## Exercise prompt
Leaving out all pictures, write out word for word the lines from the one containing "The glazes I" to the end of the data below.

## Data excerpt
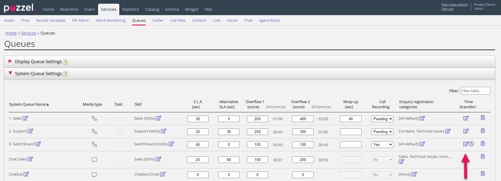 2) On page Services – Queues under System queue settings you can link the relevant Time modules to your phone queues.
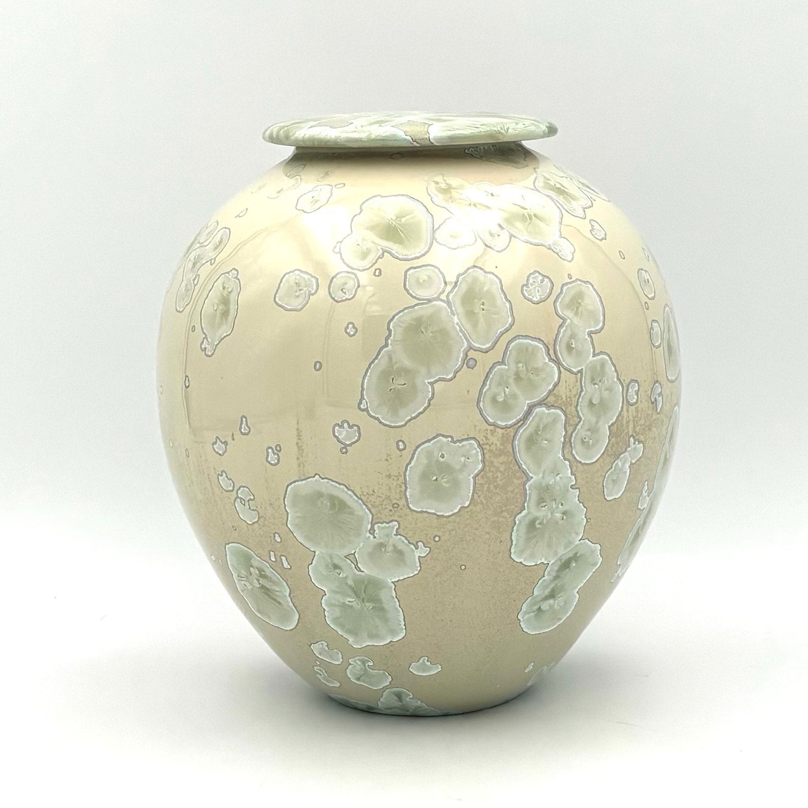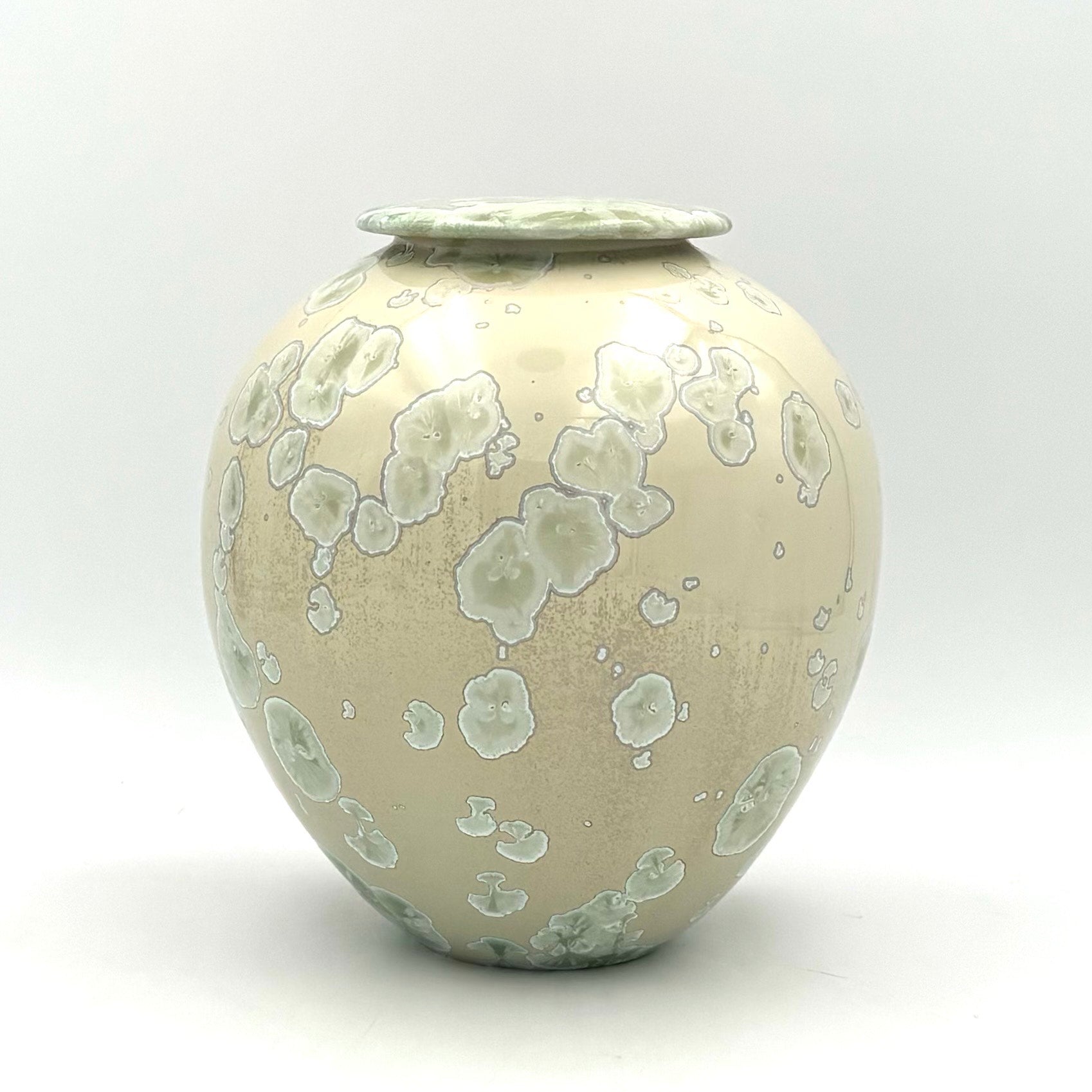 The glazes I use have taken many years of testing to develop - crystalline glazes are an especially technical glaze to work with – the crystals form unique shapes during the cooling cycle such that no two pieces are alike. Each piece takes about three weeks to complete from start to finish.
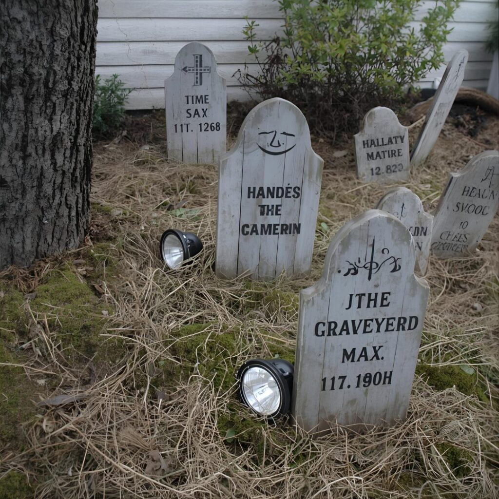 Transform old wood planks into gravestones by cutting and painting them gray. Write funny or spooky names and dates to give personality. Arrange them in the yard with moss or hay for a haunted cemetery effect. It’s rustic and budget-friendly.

## Result of the task
 The glazes I use have taken many years of testing to develop - crystalline glazes are an especially technical glaze to work with – the crystals form unique shapes during the cooling cycle such that no two pieces are alike. Each piece takes about three weeks to complete from start to finish.
 Transform old wood planks into gravestones by cutting and painting them gray. Write funny or spooky names and dates to give personality. Arrange them in the yard with moss or hay for a haunted cemetery effect. It’s rustic and budget-friendly.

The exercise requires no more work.